Task requirements: Write out the listing exactly, from its first line through the line holding "this turn. |", but include none of the pictures.

Source data:
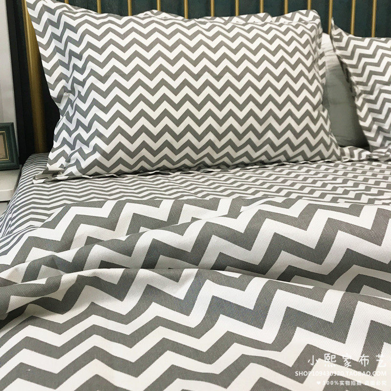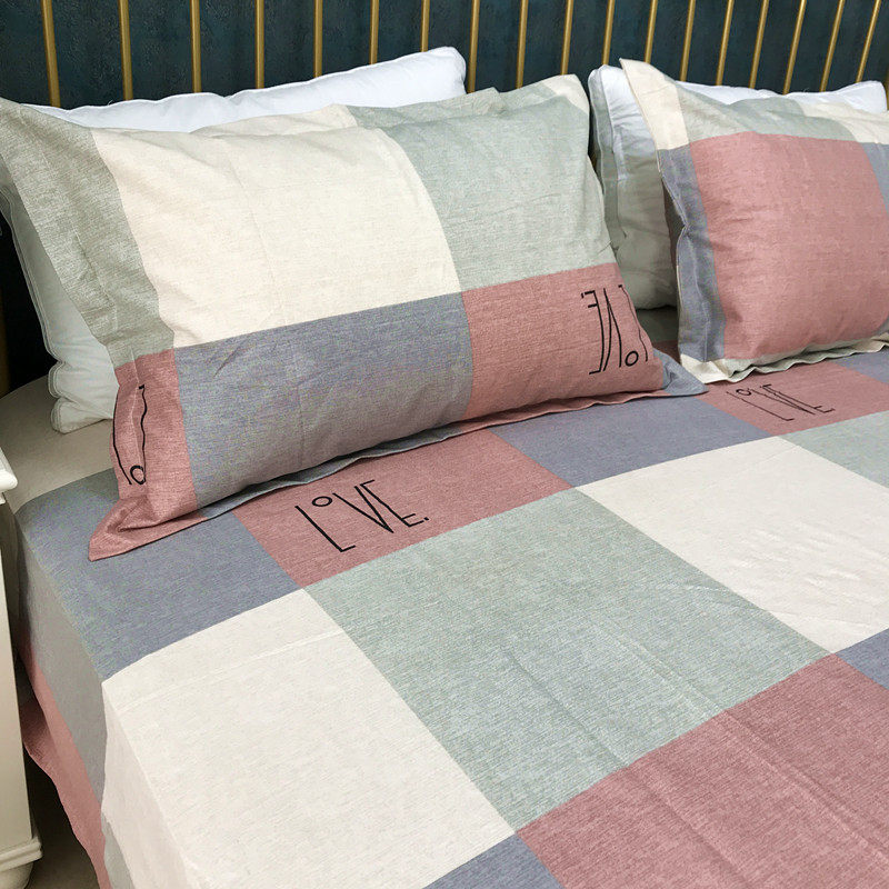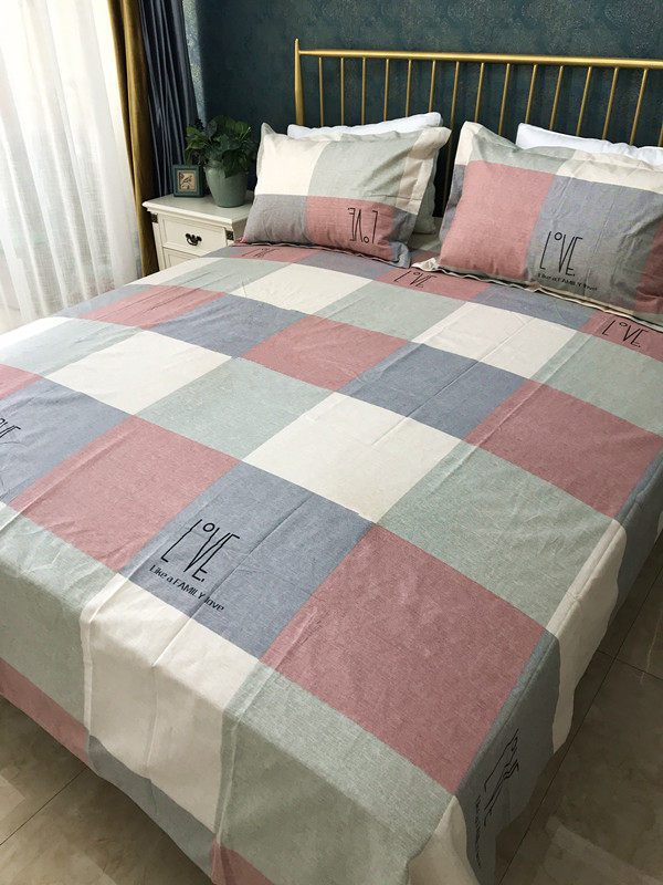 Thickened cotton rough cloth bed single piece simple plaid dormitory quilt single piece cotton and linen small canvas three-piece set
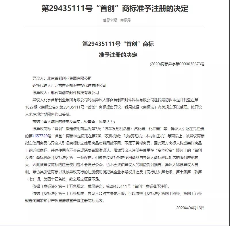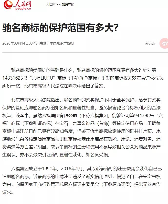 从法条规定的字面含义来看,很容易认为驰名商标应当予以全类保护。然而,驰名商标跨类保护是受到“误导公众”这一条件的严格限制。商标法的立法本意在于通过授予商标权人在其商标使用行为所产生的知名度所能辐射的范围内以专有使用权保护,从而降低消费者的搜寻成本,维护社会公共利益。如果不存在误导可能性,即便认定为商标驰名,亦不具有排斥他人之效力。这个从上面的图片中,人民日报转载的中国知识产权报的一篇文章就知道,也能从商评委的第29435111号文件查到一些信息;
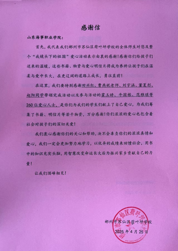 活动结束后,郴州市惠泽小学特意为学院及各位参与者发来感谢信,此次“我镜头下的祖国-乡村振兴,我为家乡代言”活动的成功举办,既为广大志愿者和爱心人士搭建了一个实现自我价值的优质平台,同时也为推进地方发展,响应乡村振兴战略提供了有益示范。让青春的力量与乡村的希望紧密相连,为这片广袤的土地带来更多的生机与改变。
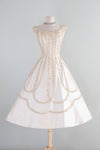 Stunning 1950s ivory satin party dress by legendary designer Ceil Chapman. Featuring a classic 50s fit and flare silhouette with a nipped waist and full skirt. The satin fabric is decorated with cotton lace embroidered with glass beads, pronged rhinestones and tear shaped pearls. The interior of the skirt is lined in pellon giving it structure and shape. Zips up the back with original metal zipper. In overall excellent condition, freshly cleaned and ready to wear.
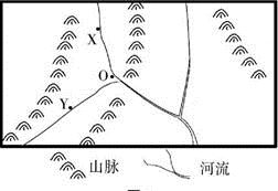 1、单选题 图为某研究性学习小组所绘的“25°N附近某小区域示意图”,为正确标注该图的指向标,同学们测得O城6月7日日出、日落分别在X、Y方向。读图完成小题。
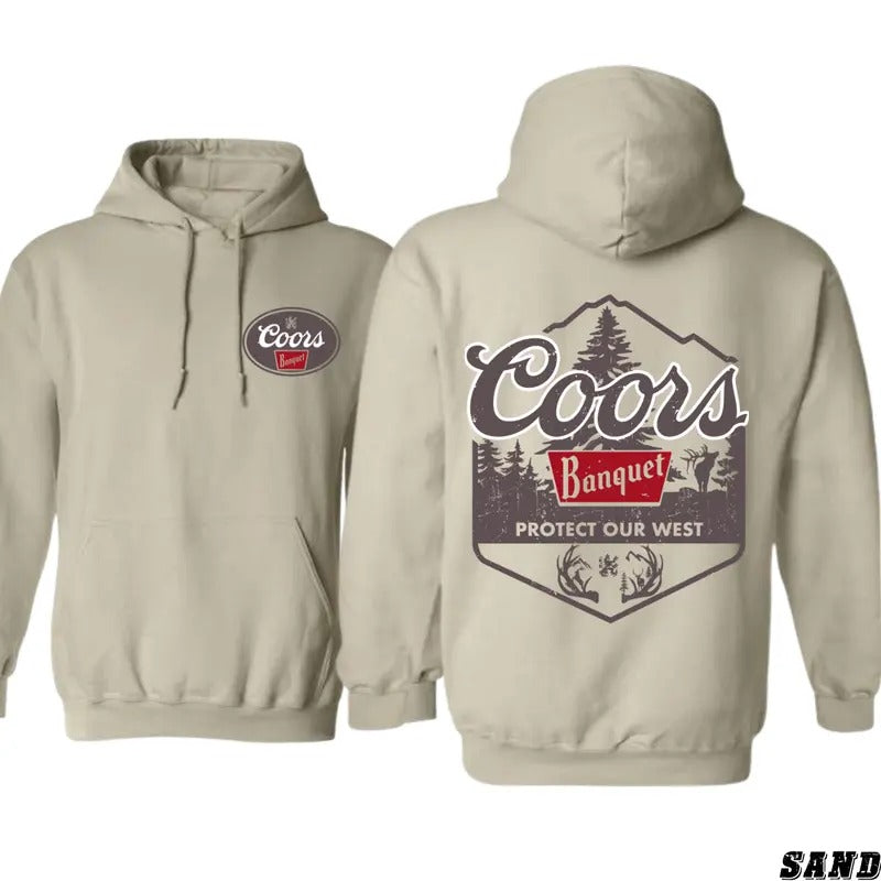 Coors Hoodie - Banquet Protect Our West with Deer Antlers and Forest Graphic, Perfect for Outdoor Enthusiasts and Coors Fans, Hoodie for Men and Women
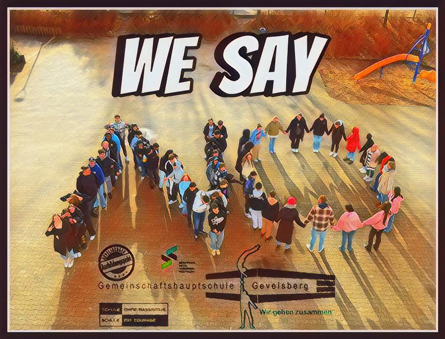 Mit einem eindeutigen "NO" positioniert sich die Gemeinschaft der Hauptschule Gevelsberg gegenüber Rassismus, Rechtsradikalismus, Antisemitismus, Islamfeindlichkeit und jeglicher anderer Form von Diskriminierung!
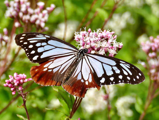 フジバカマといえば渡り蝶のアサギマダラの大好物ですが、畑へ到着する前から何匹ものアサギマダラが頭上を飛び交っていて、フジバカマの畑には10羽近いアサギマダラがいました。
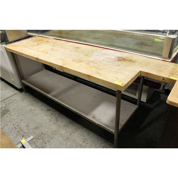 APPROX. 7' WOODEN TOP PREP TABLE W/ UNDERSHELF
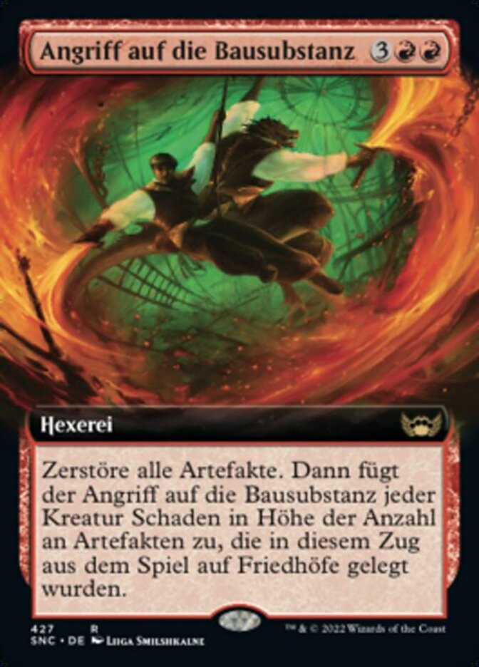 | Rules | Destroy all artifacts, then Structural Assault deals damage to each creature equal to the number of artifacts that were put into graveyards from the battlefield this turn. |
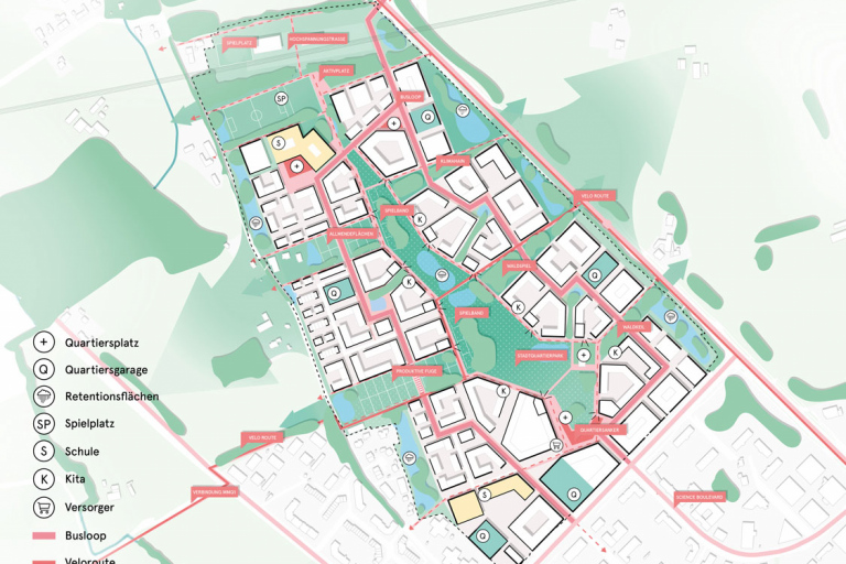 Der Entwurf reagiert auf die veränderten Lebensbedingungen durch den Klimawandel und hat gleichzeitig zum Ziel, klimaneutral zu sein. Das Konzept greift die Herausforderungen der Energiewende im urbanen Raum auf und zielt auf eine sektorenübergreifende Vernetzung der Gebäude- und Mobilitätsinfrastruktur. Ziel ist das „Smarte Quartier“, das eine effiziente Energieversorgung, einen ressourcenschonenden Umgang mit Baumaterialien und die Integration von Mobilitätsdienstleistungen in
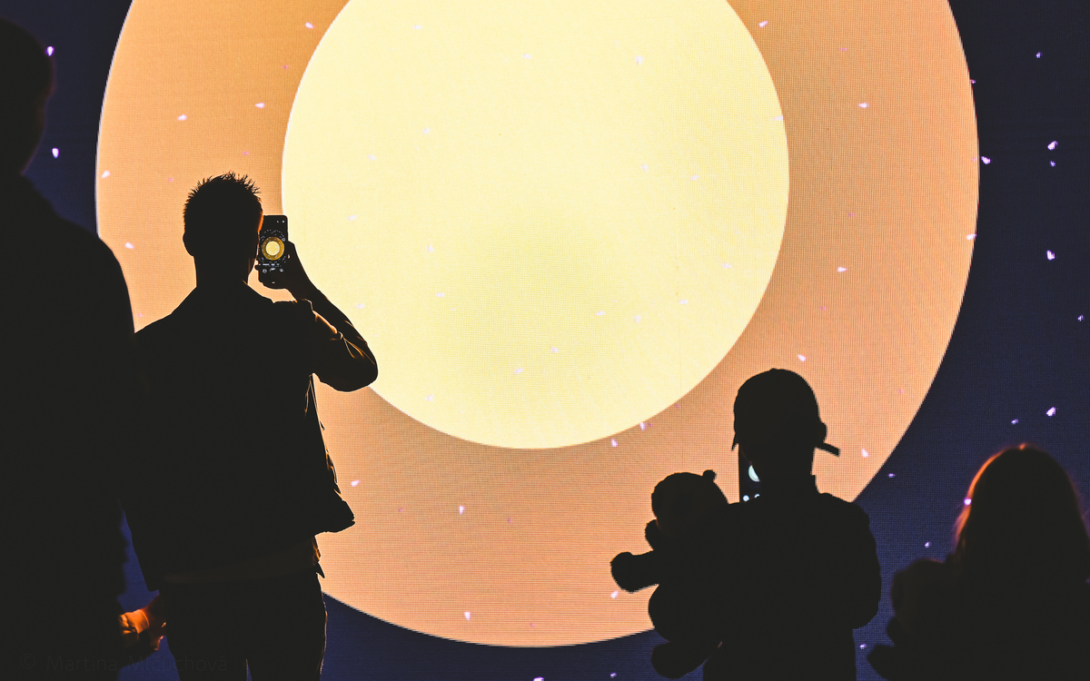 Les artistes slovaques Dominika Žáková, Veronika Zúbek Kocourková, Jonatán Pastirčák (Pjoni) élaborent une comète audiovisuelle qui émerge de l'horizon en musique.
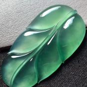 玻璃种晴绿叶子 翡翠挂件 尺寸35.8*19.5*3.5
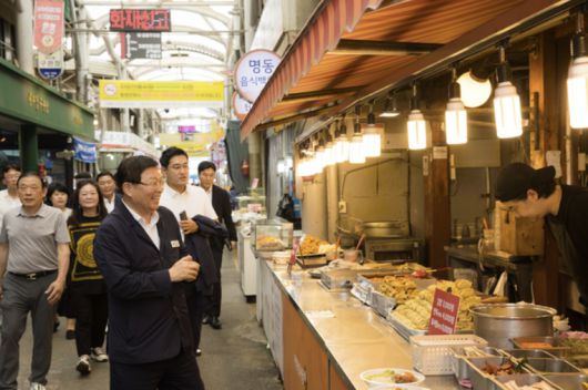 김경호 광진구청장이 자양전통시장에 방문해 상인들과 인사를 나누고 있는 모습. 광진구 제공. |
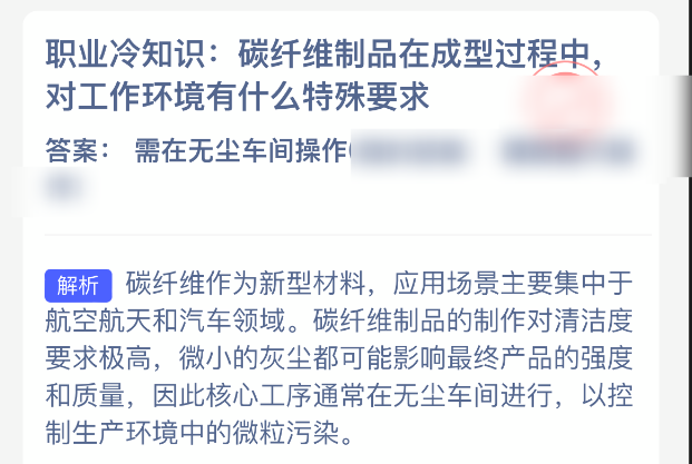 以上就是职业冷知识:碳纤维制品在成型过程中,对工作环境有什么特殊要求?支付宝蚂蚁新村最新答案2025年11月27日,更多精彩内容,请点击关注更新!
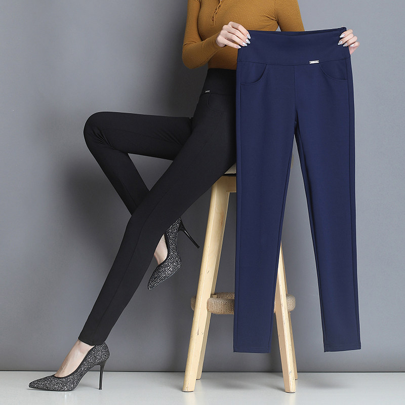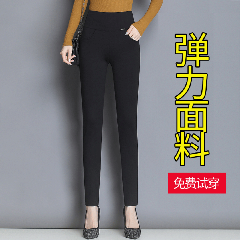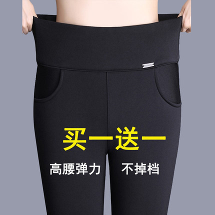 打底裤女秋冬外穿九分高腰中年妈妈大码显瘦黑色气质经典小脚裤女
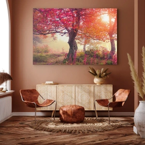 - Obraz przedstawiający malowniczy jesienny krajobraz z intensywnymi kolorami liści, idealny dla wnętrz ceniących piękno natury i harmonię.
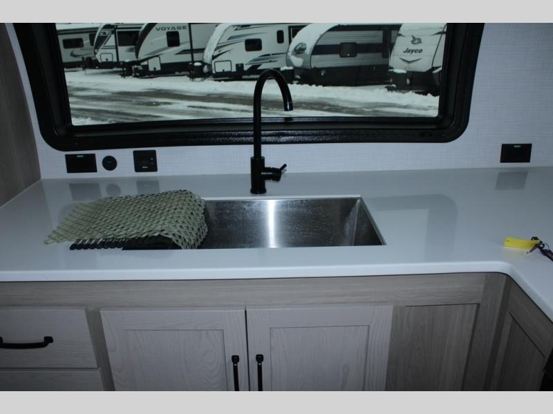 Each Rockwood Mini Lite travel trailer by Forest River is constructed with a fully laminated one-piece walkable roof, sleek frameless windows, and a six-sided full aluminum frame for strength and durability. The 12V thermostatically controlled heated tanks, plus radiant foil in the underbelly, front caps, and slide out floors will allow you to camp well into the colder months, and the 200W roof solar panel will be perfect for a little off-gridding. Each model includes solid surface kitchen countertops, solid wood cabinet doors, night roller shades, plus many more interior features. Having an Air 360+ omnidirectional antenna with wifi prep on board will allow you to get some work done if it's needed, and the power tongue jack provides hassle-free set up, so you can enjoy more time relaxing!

Response to the task:
 Thickened cotton rough cloth bed single piece simple plaid dormitory quilt single piece cotton and linen small canvas three-piece set
 从法条规定的字面含义来看,很容易认为驰名商标应当予以全类保护。然而,驰名商标跨类保护是受到“误导公众”这一条件的严格限制。商标法的立法本意在于通过授予商标权人在其商标使用行为所产生的知名度所能辐射的范围内以专有使用权保护,从而降低消费者的搜寻成本,维护社会公共利益。如果不存在误导可能性,即便认定为商标驰名,亦不具有排斥他人之效力。这个从上面的图片中,人民日报转载的中国知识产权报的一篇文章就知道,也能从商评委的第29435111号文件查到一些信息;
 活动结束后,郴州市惠泽小学特意为学院及各位参与者发来感谢信,此次“我镜头下的祖国-乡村振兴,我为家乡代言”活动的成功举办,既为广大志愿者和爱心人士搭建了一个实现自我价值的优质平台,同时也为推进地方发展,响应乡村振兴战略提供了有益示范。让青春的力量与乡村的希望紧密相连,为这片广袤的土地带来更多的生机与改变。
 Stunning 1950s ivory satin party dress by legendary designer Ceil Chapman. Featuring a classic 50s fit and flare silhouette with a nipped waist and full skirt. The satin fabric is decorated with cotton lace embroidered with glass beads, pronged rhinestones and tear shaped pearls. The interior of the skirt is lined in pellon giving it structure and shape. Zips up the back with original metal zipper. In overall excellent condition, freshly cleaned and ready to wear.
 1、单选题 图为某研究性学习小组所绘的“25°N附近某小区域示意图”,为正确标注该图的指向标,同学们测得O城6月7日日出、日落分别在X、Y方向。读图完成小题。
 Coors Hoodie - Banquet Protect Our West with Deer Antlers and Forest Graphic, Perfect for Outdoor Enthusiasts and Coors Fans, Hoodie for Men and Women
 Mit einem eindeutigen "NO" positioniert sich die Gemeinschaft der Hauptschule Gevelsberg gegenüber Rassismus, Rechtsradikalismus, Antisemitismus, Islamfeindlichkeit und jeglicher anderer Form von Diskriminierung!
 フジバカマといえば渡り蝶のアサギマダラの大好物ですが、畑へ到着する前から何匹ものアサギマダラが頭上を飛び交っていて、フジバカマの畑には10羽近いアサギマダラがいました。
 APPROX. 7' WOODEN TOP PREP TABLE W/ UNDERSHELF
 | Rules | Destroy all artifacts, then Structural Assault deals damage to each creature equal to the number of artifacts that were put into graveyards from the battlefield this turn. |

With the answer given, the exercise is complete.